* _INSTRUCTIONS TO FOLLOW_: List all lines of the data containing the word "Card".

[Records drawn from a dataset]
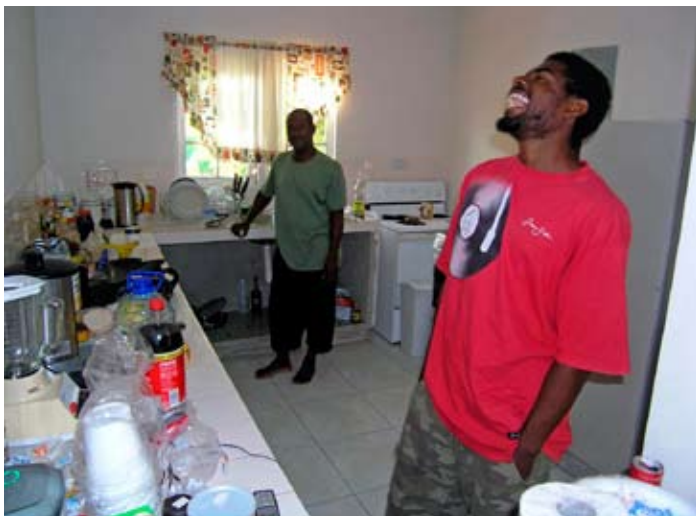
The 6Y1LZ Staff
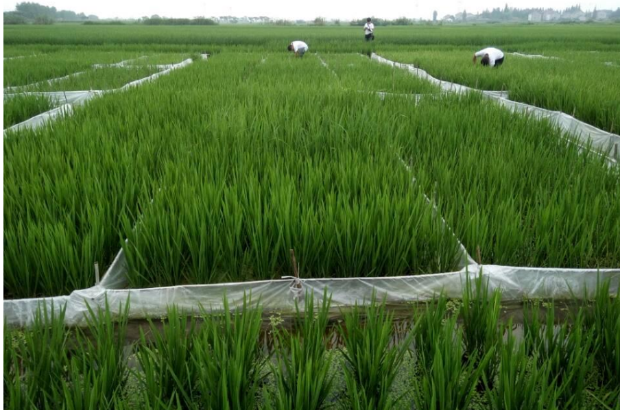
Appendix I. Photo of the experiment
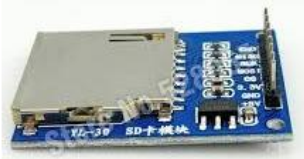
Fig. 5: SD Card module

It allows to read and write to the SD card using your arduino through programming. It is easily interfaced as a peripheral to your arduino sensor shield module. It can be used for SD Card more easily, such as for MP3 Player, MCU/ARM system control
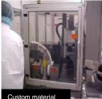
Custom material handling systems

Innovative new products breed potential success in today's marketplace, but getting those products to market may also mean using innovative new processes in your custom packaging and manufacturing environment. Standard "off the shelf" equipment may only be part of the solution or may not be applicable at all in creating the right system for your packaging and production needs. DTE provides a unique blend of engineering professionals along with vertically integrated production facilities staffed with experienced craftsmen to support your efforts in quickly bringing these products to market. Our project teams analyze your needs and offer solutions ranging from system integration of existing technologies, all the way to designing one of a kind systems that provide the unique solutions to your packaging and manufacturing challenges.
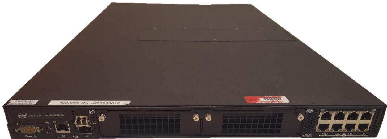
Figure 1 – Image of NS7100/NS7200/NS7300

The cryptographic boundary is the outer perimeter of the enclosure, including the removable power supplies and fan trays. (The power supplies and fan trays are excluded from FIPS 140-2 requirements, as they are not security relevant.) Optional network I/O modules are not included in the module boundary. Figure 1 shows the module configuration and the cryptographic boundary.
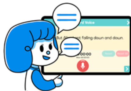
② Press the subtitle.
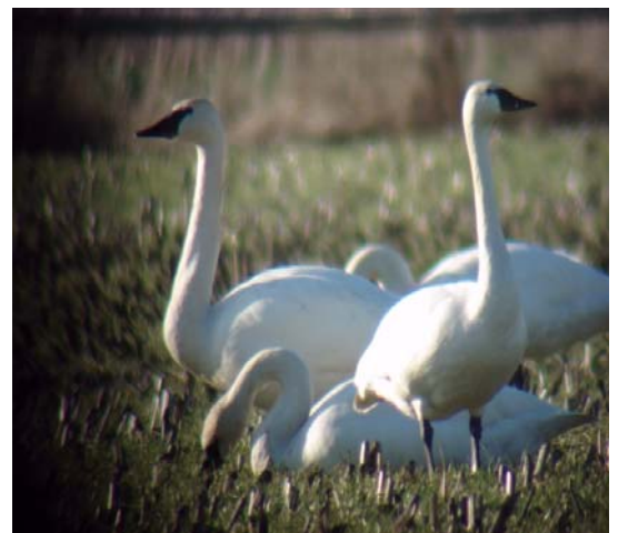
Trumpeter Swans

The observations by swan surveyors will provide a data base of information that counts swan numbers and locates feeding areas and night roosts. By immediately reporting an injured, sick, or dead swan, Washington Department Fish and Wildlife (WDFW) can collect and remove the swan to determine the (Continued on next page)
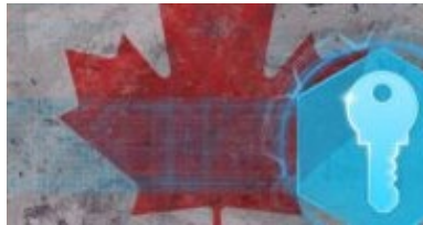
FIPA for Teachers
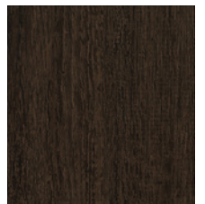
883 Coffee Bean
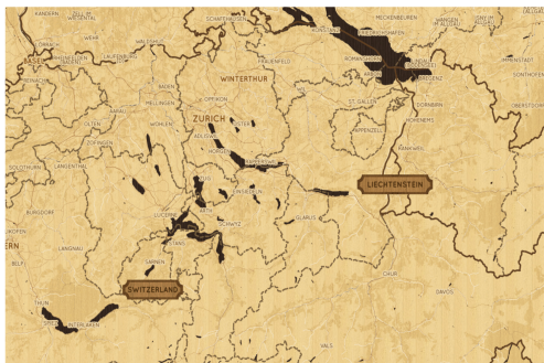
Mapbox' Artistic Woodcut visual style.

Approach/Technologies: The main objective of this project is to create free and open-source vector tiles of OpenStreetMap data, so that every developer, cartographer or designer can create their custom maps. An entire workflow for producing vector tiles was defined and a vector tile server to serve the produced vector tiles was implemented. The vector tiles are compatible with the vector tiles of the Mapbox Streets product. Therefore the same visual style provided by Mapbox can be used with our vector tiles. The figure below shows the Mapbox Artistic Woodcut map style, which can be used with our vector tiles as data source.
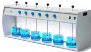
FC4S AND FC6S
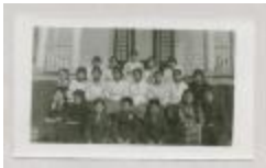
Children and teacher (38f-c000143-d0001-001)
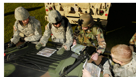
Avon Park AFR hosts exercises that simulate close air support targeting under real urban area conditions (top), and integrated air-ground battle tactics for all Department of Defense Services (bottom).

* _EXPECTED OUTPUT_:
Fig. 5: SD Card module
It allows to read and write to the SD card using your arduino through programming. It is easily interfaced as a peripheral to your arduino sensor shield module. It can be used for SD Card more easily, such as for MP3 Player, MCU/ARM system control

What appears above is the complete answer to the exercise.